- [TASK TO CARRY OUT]:
In the records below, the line with "Fot.4. Pracownia Chemiczna" opens the range and the line with "STAROSTWO POWIATOWE w" closes it; print that range exactly and nothing else.

- [DATA FOR ANALYSIS]:
┌──

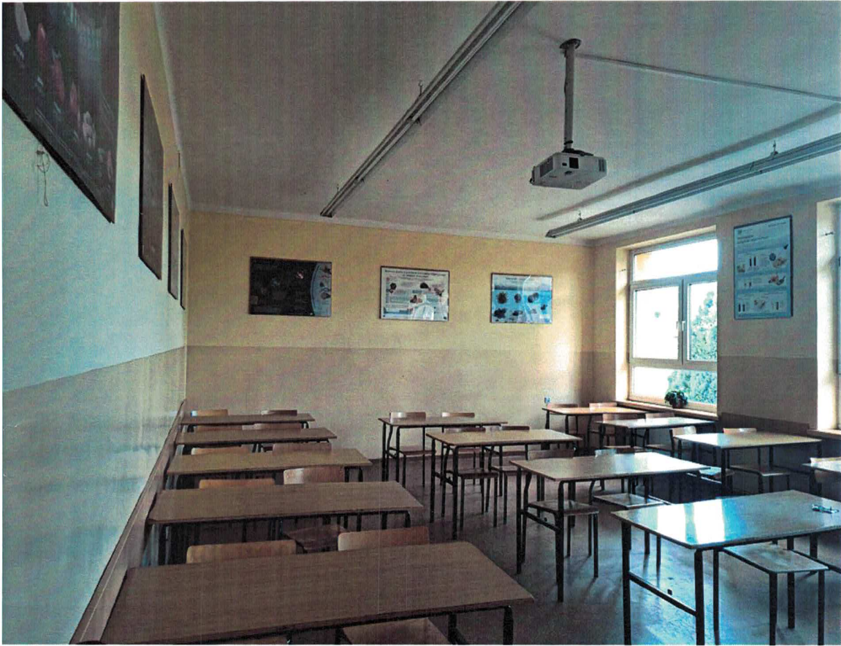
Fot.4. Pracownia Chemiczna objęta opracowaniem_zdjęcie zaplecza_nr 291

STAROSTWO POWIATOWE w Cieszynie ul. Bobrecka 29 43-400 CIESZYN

└──
┌──

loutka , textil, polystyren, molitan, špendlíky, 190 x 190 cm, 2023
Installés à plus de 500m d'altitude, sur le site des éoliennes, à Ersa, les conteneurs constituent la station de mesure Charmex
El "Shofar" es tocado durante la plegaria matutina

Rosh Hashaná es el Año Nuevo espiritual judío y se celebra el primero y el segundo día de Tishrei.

└──
┌──

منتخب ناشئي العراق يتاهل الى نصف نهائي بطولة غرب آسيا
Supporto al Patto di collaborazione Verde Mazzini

└──

- [REPLY TO THE EXERCISE]:
Fot.4. Pracownia Chemiczna objęta opracowaniem_zdjęcie zaplecza_nr 291

STAROSTWO POWIATOWE w Cieszynie ul. Bobrecka 29 43-400 CIESZYN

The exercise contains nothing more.